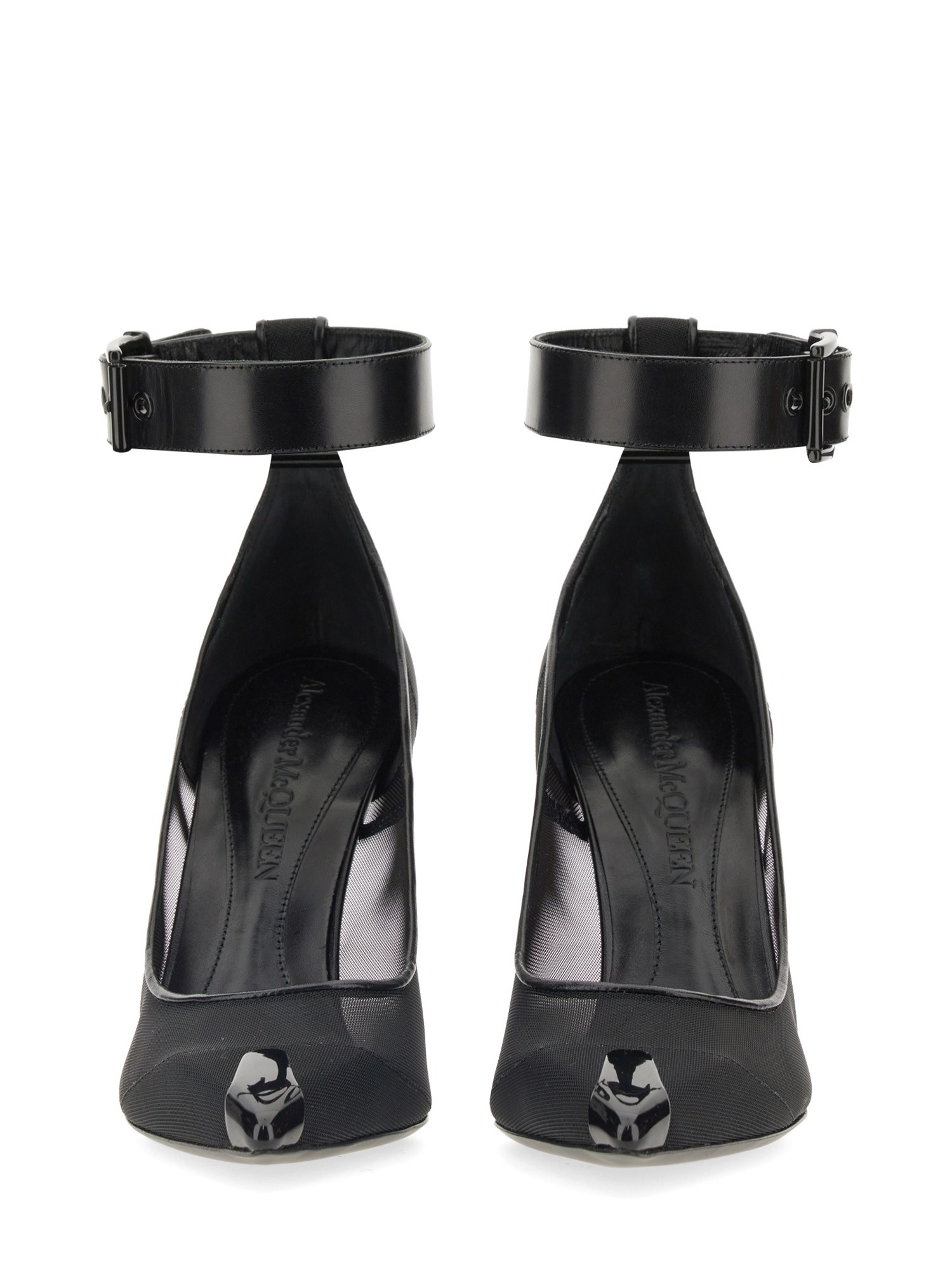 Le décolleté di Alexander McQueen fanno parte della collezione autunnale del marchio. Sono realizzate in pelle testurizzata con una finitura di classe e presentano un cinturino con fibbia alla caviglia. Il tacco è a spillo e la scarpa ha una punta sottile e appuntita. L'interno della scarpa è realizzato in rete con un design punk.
---
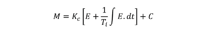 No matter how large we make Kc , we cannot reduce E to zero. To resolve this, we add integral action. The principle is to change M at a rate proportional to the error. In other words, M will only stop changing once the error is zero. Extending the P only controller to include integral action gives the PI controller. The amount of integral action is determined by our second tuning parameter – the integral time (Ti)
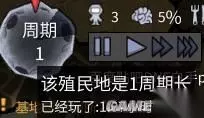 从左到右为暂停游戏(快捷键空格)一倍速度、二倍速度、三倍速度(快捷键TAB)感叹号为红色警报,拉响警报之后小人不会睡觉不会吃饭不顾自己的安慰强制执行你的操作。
--
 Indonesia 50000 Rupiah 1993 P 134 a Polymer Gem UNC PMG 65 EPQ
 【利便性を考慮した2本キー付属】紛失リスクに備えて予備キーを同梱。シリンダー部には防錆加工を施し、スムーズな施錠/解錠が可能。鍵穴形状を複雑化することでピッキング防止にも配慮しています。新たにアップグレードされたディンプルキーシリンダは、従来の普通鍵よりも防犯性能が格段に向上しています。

__What is expected__: Reproduce the records above exactly, but only from the line with "No matter how" up to and including the line with "从左到右为暂停游戏(快捷键空". Leave the pictures out.

__Output of the exercise__:
 No matter how large we make Kc , we cannot reduce E to zero. To resolve this, we add integral action. The principle is to change M at a rate proportional to the error. In other words, M will only stop changing once the error is zero. Extending the P only controller to include integral action gives the PI controller. The amount of integral action is determined by our second tuning parameter – the integral time (Ti)
 从左到右为暂停游戏(快捷键空格)一倍速度、二倍速度、三倍速度(快捷键TAB)感叹号为红色警报,拉响警报之后小人不会睡觉不会吃饭不顾自己的安慰强制执行你的操作。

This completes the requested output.